Puissance narrative.
Il ne fait aucun doute qu’à l’écoute de Traversée sauvage le duo a voulu nous conter une histoire. Une histoire presque instrumentale à 100%. Car, de voix, il y en a peu, et de paroles encore moins, sauf sur le pénétrant Berçeuse. Pourtant, cette économie de mots et de voix ne s’avère nullement un obstacle, ni même une anecdote dans ce disque. Les vocalises, contrairement à ce que l’on pourrait penser, sont des pivots, des points d’appui, des tremplins vers une progression de l’intrigue, des révélateurs de sensations, d’impressions.
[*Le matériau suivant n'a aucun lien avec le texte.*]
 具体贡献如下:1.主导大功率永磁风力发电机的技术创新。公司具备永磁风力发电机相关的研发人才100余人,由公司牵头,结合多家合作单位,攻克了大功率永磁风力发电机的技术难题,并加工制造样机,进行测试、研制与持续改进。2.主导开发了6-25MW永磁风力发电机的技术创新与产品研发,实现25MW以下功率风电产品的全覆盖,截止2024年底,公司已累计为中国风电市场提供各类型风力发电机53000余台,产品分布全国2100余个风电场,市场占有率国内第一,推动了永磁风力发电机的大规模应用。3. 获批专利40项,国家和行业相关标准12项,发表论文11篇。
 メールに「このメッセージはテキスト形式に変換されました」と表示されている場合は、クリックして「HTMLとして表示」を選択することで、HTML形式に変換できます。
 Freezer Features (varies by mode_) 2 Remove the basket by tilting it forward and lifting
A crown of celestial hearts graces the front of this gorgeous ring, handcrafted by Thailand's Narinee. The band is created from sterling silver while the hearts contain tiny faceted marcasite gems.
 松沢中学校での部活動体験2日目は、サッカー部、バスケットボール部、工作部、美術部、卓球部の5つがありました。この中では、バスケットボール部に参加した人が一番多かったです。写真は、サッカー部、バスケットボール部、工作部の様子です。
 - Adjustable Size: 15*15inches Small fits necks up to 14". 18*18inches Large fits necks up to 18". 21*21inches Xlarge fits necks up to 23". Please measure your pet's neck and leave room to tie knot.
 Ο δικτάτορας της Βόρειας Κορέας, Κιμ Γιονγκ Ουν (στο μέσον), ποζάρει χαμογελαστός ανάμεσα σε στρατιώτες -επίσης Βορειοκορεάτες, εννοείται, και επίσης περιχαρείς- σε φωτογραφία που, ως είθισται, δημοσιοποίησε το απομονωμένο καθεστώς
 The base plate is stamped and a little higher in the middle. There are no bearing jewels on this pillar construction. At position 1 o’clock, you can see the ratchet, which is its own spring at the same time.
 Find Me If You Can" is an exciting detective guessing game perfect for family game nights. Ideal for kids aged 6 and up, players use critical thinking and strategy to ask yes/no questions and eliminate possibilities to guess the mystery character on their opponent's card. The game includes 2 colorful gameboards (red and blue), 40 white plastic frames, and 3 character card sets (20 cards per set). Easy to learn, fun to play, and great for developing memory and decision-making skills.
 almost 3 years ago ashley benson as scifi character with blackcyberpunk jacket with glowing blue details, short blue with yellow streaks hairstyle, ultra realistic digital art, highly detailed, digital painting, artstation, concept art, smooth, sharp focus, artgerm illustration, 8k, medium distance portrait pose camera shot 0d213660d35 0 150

Elles accélèrent les battements du cœur, ou l’apaisent, donnent pied à un réconfort ou amplifient un effet. Nul besoin d’en faire des tonnes, mais sans ces vocalises, l’histoire n’est pas la même, elle perd de son efficacité, de son aura. Elles dégagent, elles aussi, un côté sauvage, viscéral, profondément enfoui dans cet amas de lianes entremêlées. Ou dans un cauchemar terrible dont seule la voix de « papa » réussit à gommer les aspects terrifiants. Berçeuse, en effet, vient nous réconforter au milieu d’un tourbillon de sonorités haletantes.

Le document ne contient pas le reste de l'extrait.